Religion
- Affiliation: Hinduism
- District: Karharia Khesar Banka
- Deity: Hanuman

Location
- Location: Maldih, Banka near by Pipra High School
- State: Bihar
- Country: India
- Interactive map of Shree Shree 1008 Siya Ram Bhakt Mahavir Balajee Temple
- Coordinates: 25°14′N 86°35′E﻿ / ﻿25.24°N 86.58°E

Website
- www.karharia.blogspot.in

= Mahavir Balaji Temple Karharia =

Hindu temple in Bihar, India

Shri Shri 1008 Siya-Ram Bhakt Mahavir Balaji Mandir (Hindi/Banka: श्री श्री १००८ सिया राम भक्त महावीर बालाजी मंदिर करहरिया ) is a noted Hindu temple, otherwise known as a Mandir, in the Banka district of Bihar. It is dedicated to the Hindu God Hanuman. The name Shri Shri 1008 Sitaram Bhakt Mahavir Balaji is applied to Shri Hanuman in several areas of India, because the childhood form of the Lord (Bala in Hindi or Sanskrit) is especially celebrated there.

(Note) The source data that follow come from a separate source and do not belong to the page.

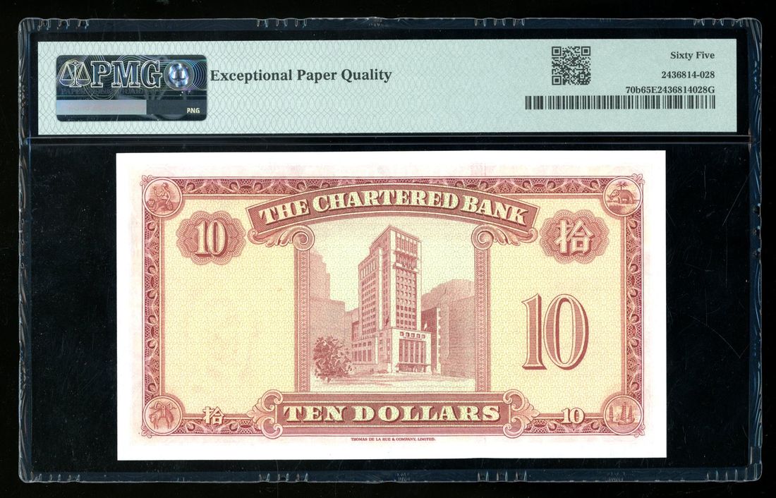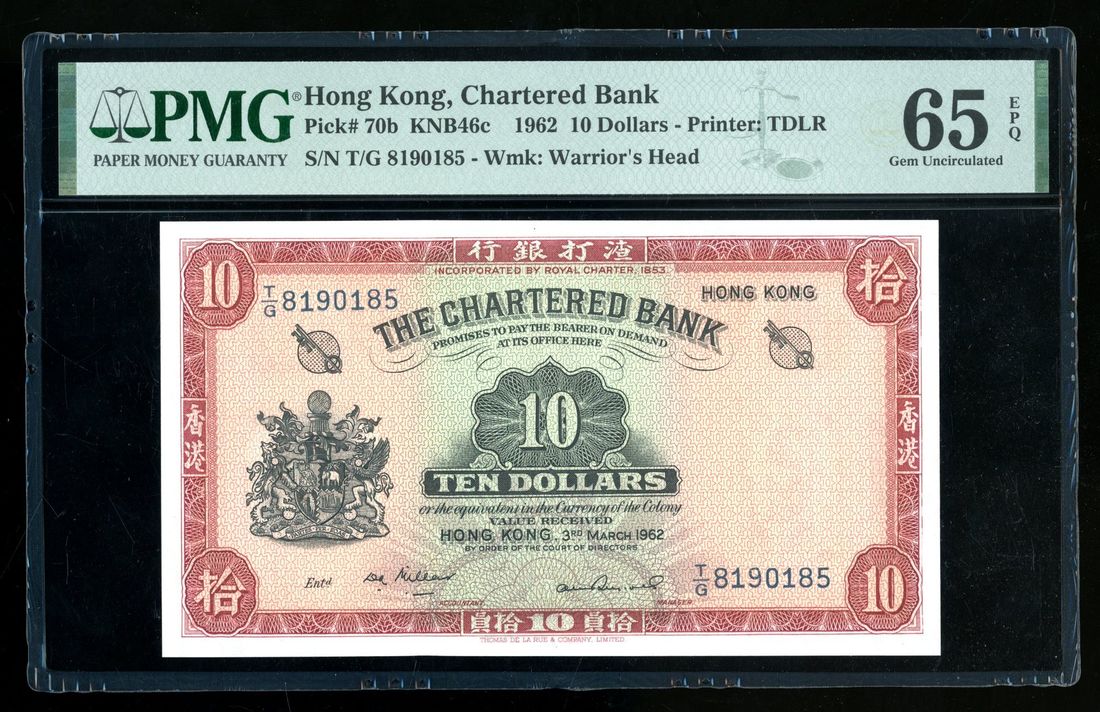 Chartered Bank, Hong Kong, $10, 3.3.1962, serial number T/G 8190185, (Pick 70b), PMG 65EPQ
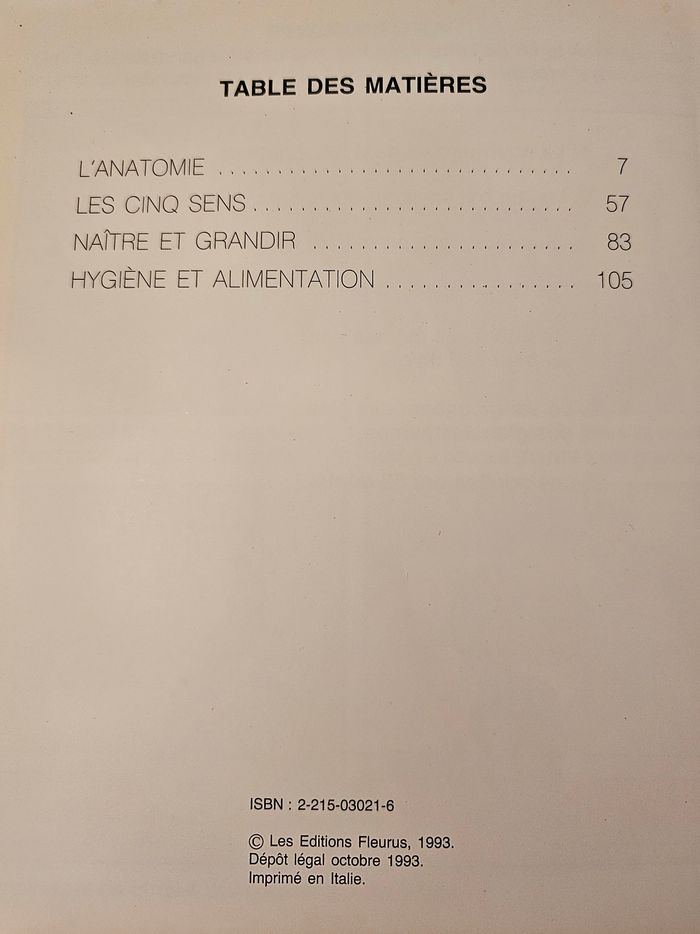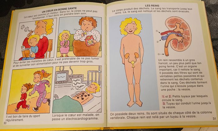 Grâce à un texte simple et à des images souvent teintées d'humour ou de tendresse, l'enfant, page après page, va découvrir comment fonctionne son corps. Il va comprendre pourquoi il doit manger, se laver, dormir ou faire du sport. il va apprendre aussi comment bébé se forme dans le ventre de maman Editeur fleurus Hauteur 19 cm Largeur 23 cm
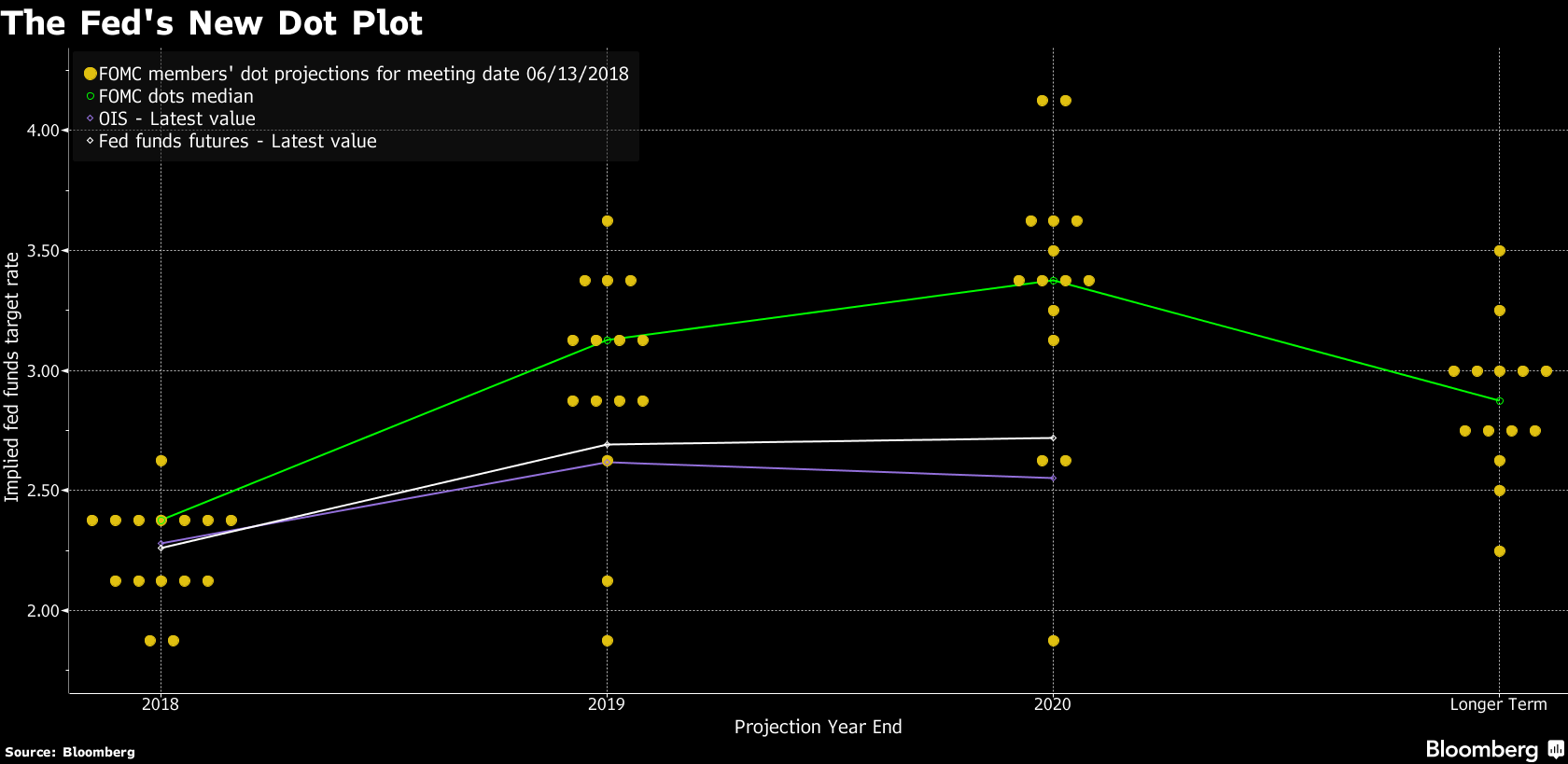 At the current pace the Fed Funds rate would reach about 3.50 percent by 2020, according to the Fed’s “dot plot”:
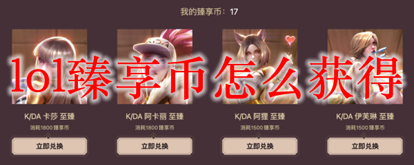 LOL臻享币获得方法是:打开1个黄金宝箱赠送5臻享币,打开1个钻石宝箱赠送12臻享币。打开10个赠送的1个皮肤或英雄时不赠送臻享币。消耗臻享币可以兑换指定道具。
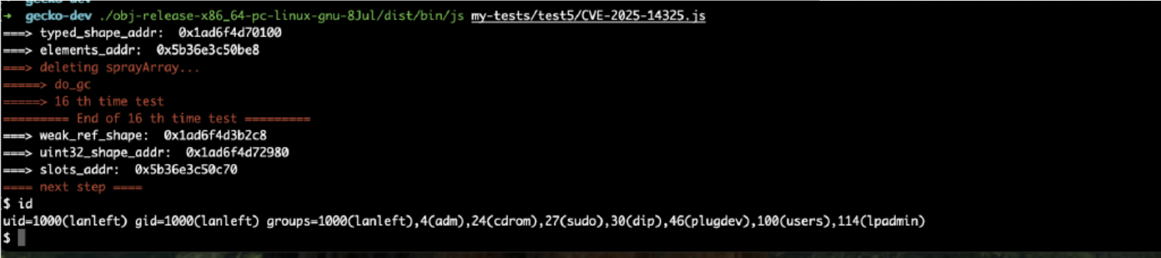 This image demonstrates the full exploit running against the js shell:
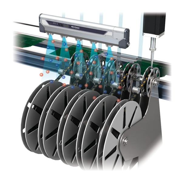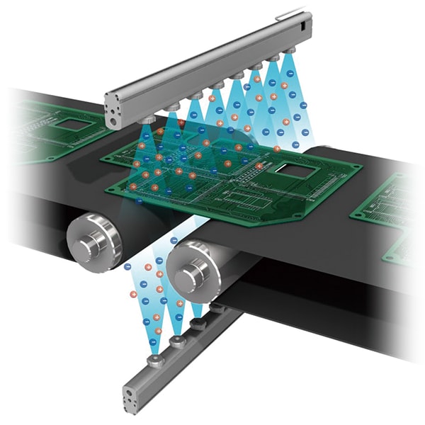 搬送部では基板とコンベアとの接触・剥離により基板が帯電します。大きな帯電は異物付着や静電破壊発生を引き起こし、製造不良へとつながります。除電器を用いることで帯電を除去し、製造不良を低減します。
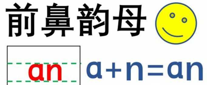 前鼻音韵母有an、ian、uan、üan、en、in、uen、ün,共8个。普通话前鼻音韵母的特点是:韵母的韵尾带舌尖鼻音“n”,一般叫做“前鼻尾韵母”。前鼻音韵母韵尾n,跟声母n的发音大同小异,不同的是n作韵尾时除阻阶段不发音。
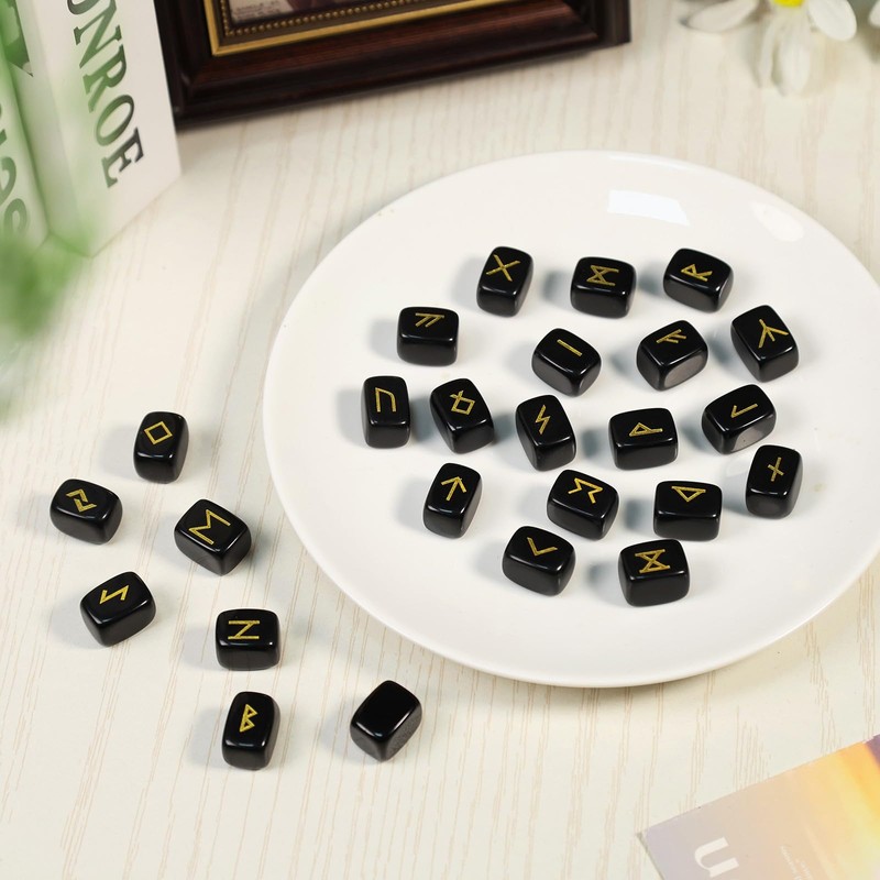dssmboom Pack of 25 Rune Stones Engraved Pagan Lettering, Irregular Tumbled Stone Set with Golden Elder Futhark Alphabet for Crystal Divination Wicca and Reiki Healing, Black Obsidian
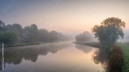 Obraz premium Tranquil Misty River at Dawn
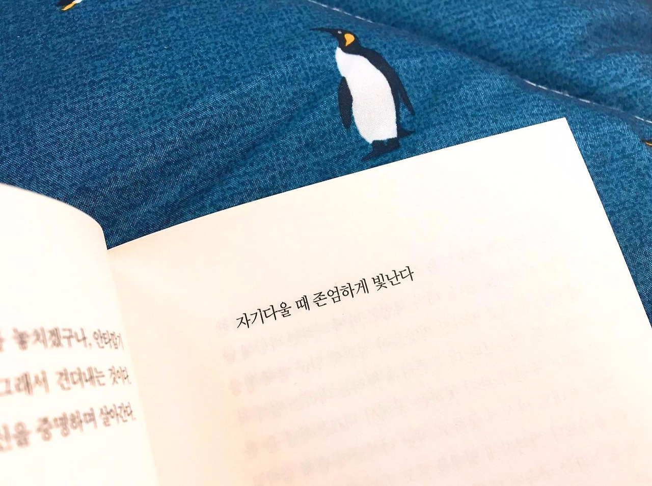 샤워를 끝내고 하루를 정리하면서 침대 옆에 있는 아무 책이나 집어서 읽으면 좋더라고요.
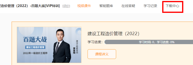 2、點(diǎn)擊進(jìn)入課程,點(diǎn)擊下載中心;
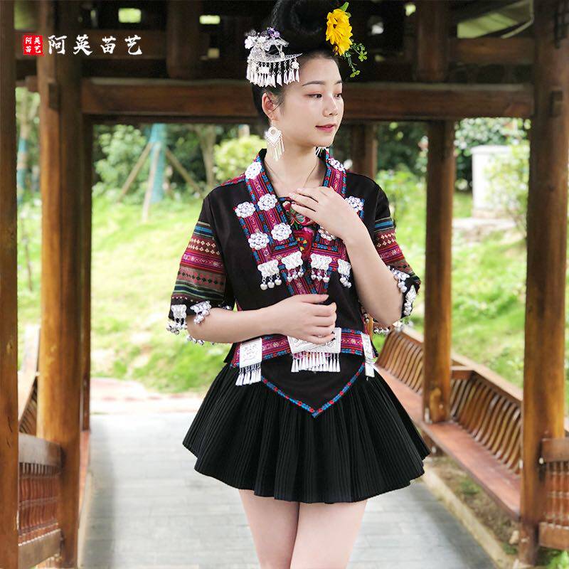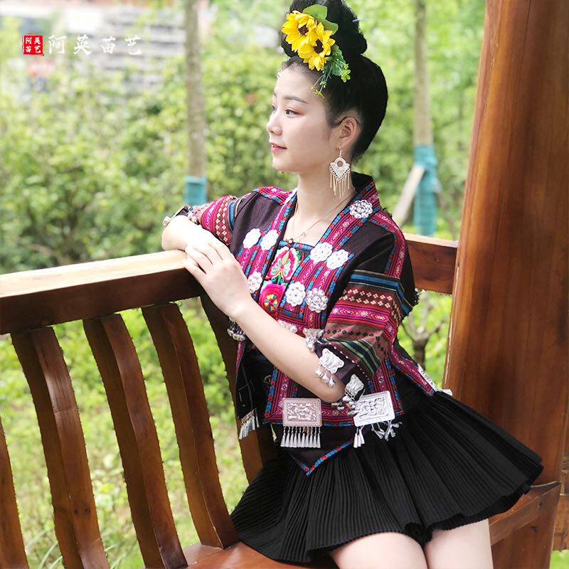 Ethnic Wind Clothing Female Miao Embroidery Clothing Art Photos Blouses Scenic Area Travellers filming Costume Performance Stage Dress

The temple is dedicated to Shri Shri 1008 Sitaram bhakt Mahavir Balaji (another name for Shree Hanuman Jee). Unlike similar religious sites, it is located in a village rather than the countryside. Its reputation for ritualistic healing and exorcism of evil spirits attracts many pilgrims from Banka, Bhagalpur and Munger districts and elsewhere. The old village, Karharia, is located near the west side of the small hill of Fullidumar, which is about 8 km away. It is located approximately 500 meters east of the mini block of Maldih Panchayat of Shambhunj main block. Local people worship this Hindu deity every day, and address this village square by the name of Bajrangali Chowk Karharia.

== Personnel ==
The temple is well-known, especially in the southern parts of Bihar. The temple's first mahant was Shri Ganesh Puri ji Maharaj. The present mahant is Shri Naresh Puri ji Maharaj strictly follows a vegetarian diet and reads holy books. His small business sells tea and betel.

== Aid ==
A person suffering from evil spirits (sankatwala) can receive relief through in various ways including Ghee Light (Ghee Ka Diya), Orange Color Vermilion (sindoor), Rice, Urad, darkhast, Pulse, donating and bhog of bundi ke laddu offering to Shri. Tuesdays and Saturdays are the days of Hanumanji.

The temple performs exorcisms from evil spirits.

== Geography ==
The temple is situated in Karharia, Karauli district near Most Powerful Goddess Shri Durga Mata. The village is situated at the middle of two district blocks- Shambhuganj and Fullidumar. It is 31.2 km from Sultanganj, Bhagalpur, 35.5 km from Banka railway station and 23.2 km from Tarapur, Munger.

Nearby temples include Shree Shitla Mata, Shree Kali Mata, Shre Durga Mata, Shri Jakhraj Baba Palace Shri and Narsingh Baba Palace.